A small anguished sound caught his attention and he turned to his unwelcome companion, temporarily forgotten as he had surveyed the heartbreaking destruction of the centuries-old temple complex built by a society whose lives he had devoted so much time to understanding. Reconstructing.
He swore and dropped the match as it burned down to his fingers.
The darkness after the brief flare of light seemed, if anything, more intense, thicker, substantial enough to cut into slices and in a moment of panic he groped in the box for another match.
It was empty.
There was a new carton somewhere, but his supplies were stored at the far end of the temple. And the far end of the temple, as he’d just seen, was no more…
‘We’re trapped, aren’t we?’
Her voice had, in that instant of light, lost all that assured bravado.

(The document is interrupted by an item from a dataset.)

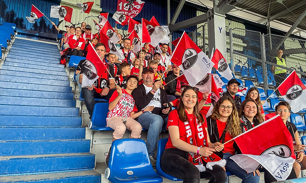 Mit dabei: 25 Kinder aus dem Füchsleclub, ihre Begleitpersonen und zwei Mitarbeitende des SC Freiburg, die sich schon während der Fahrt mit „SC Freiburg vor“ und dem „Badnerlied“ lautstark warmsangen.

‘Of course we’re not trapped,’ he snapped back. The last thing he needed was hysterics. ‘I just need a minute to figure the best way out.’
‘There isn’t one. I saw—’
Too late. Her voice was rising in panic and his own clammy moment of fear was still too close to risk her going over the edge and taking him with her.
‘Shut up and let me think.’
She gave a juddering little hiccup as she struggled to obey him, to control herself, but he forced himself to ignore the instinct to reach out, hold her, comfort her.
She’d said she’d been standing on the path, presumably the one leading to the acropolis, but she couldn’t have been alone.
‘How did you get up here?’ His voice was sharper this time, demanding an answer.
‘I told you,’ she said. ‘By bus.’
His head still hurt like hell, but the realisation that he was caught up in the aftermath of an earthquake had done much to concentrate his mind. He’d broken the seal on the bottle of brandy, but the minute the liquor had touched his lips he’d set it down, recognising the stupidity of drinking himself into oblivion.